All Things Bright and Beautiful Read online



  Examining him was going to be a problem. I turned to Mrs. Bond. “Could you let me have a sheet of some kind? An old ironing sheet would do. I’m going to have to wrap him up.”

  “Wrap him up?” Mrs. Bond looked very doubtful but she disappeared into another room and returned with a tattered sheet of cotton which looked just right

  I cleared the table of an amazing variety of cat feeding dishes, cat books, cat medicines and spread out the sheet, then I approached my patient again. You can’t be in a hurry in a situation like this and it took me perhaps five minutes of wheedling and “Puss-pussing” while I brought my hand nearer and nearer. When I got as far as being able to stroke his cheek I made a quick grab at the scruff of his neck and finally bore Alfred, protesting bitterly and lashing out in all directions, over to the table. There, still holding tightly to his scruff, I laid him on the sheet and started the wrapping operation.

  This is something which has to be done quite often with obstreperous felines and, although I say it, I am rather good at it. The idea is to make a neat, tight roll, leaving the relevant piece of cat exposed; it may be an injured paw, perhaps the tail, and in this case of course the head. I think it was the beginning of Mrs. Bond’s unquestioning faith in me when she saw me quickly enveloping that cat till all you could see of him was a small black and white head protruding from an immovable cocoon of cloth. He and I were now facing each other, more or less eyeball to eyeball, and Alfred couldn’t do a tiling about it.

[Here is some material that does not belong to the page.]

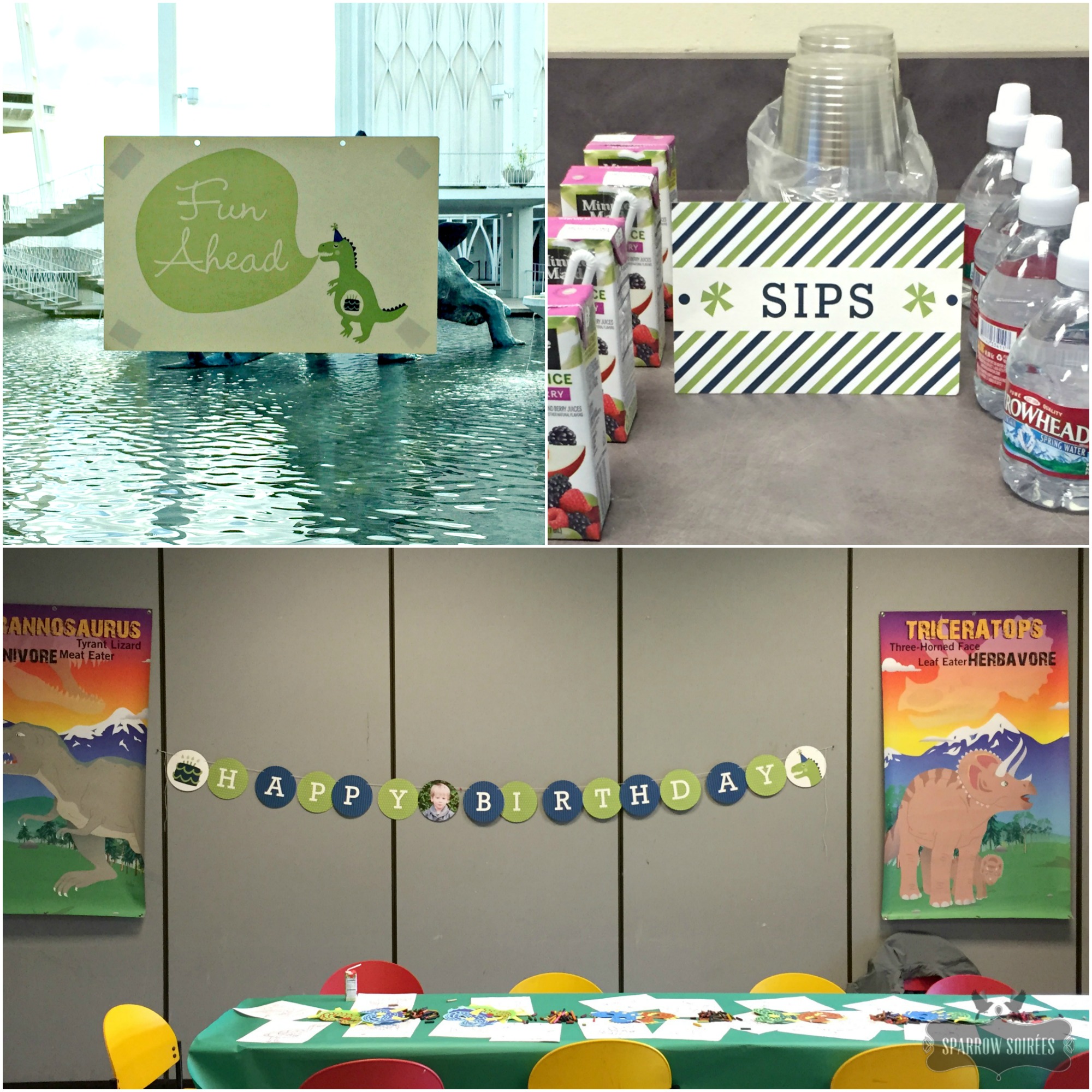 The Science Center was fantastic party venue. The only tricky part was we had 15 minutes to set up before the start time – so we quickly hung the banner and a directional sign, and sorted out the drinks for our little guests – all while making sure our boys didn’t run into a another room’s party. One of the main rules in event planning is to keep things simple as simple as possible when you’re tight on set-up time – and use every ounce of help a venue offers. Instead of attempting to haul in food, I used the on-site catering service for a few light snacks and the cake.
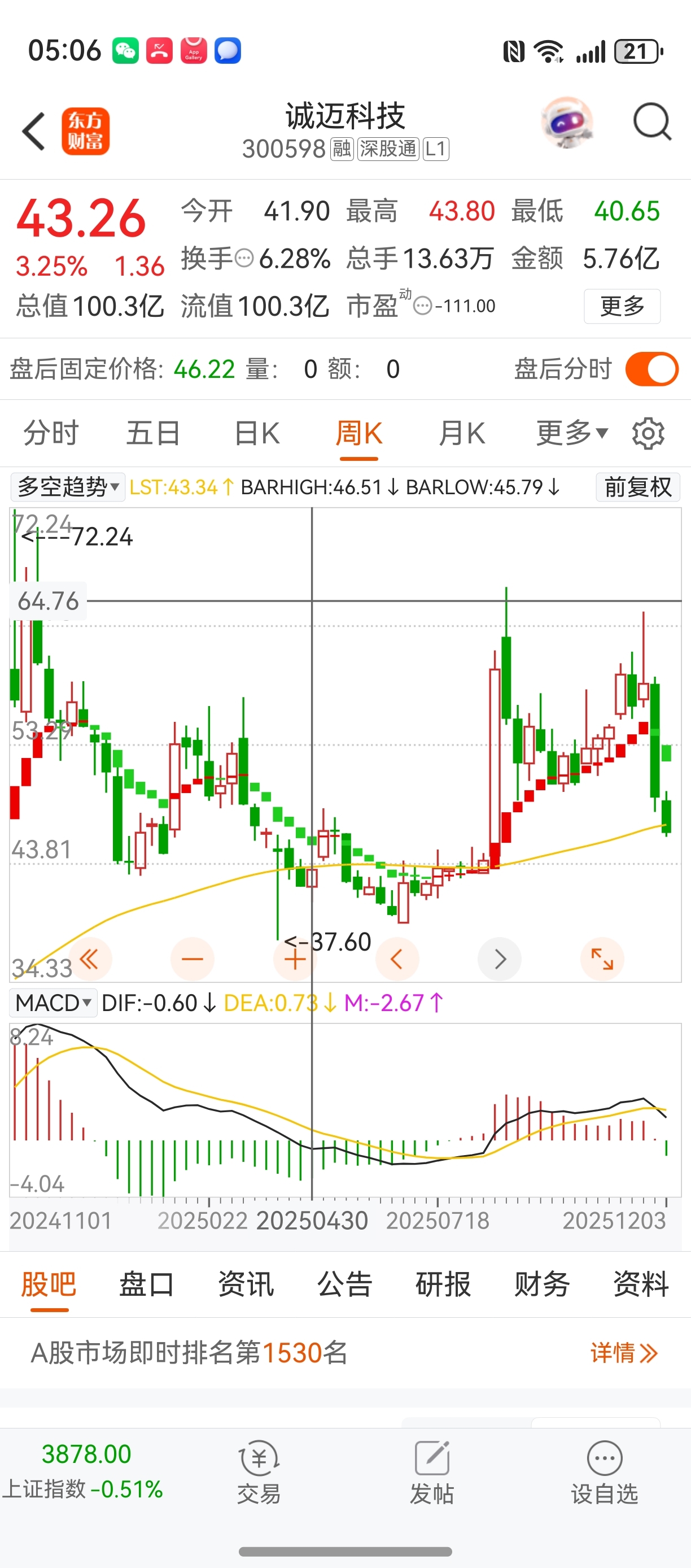 $诚迈科技(SZ300598)$ 有可能到37.60做双底,如果止不住就到21.76做三重底

  As I say, I rather pride myself on this little expertise and even today my veterinary colleagues have been known to remark: “Old Herriot may be limited in many respects but by God he can wrap a cat.”

  As it turned out, there wasn’t a skin growing over Alfred’s eyes. There never is.

  “He’s got a paralysis of the third eyelid, Mrs. Bond. Animals have this membrane which flicks across the eye to protect it. In this case it hasn’t gone back, probably because the cat is in low condition—maybe had a touch of cat flu or something else which has weakened him. I’ll give him an injection of vitamins and leave you some powder to put in his food if you could keep him in for a few days. I think he’ll be all right in a week or two.”

  The injection presented no problems with Alfred furious but helpless inside his sheet and I had come to the end of my first visit to Mrs. Bond’s.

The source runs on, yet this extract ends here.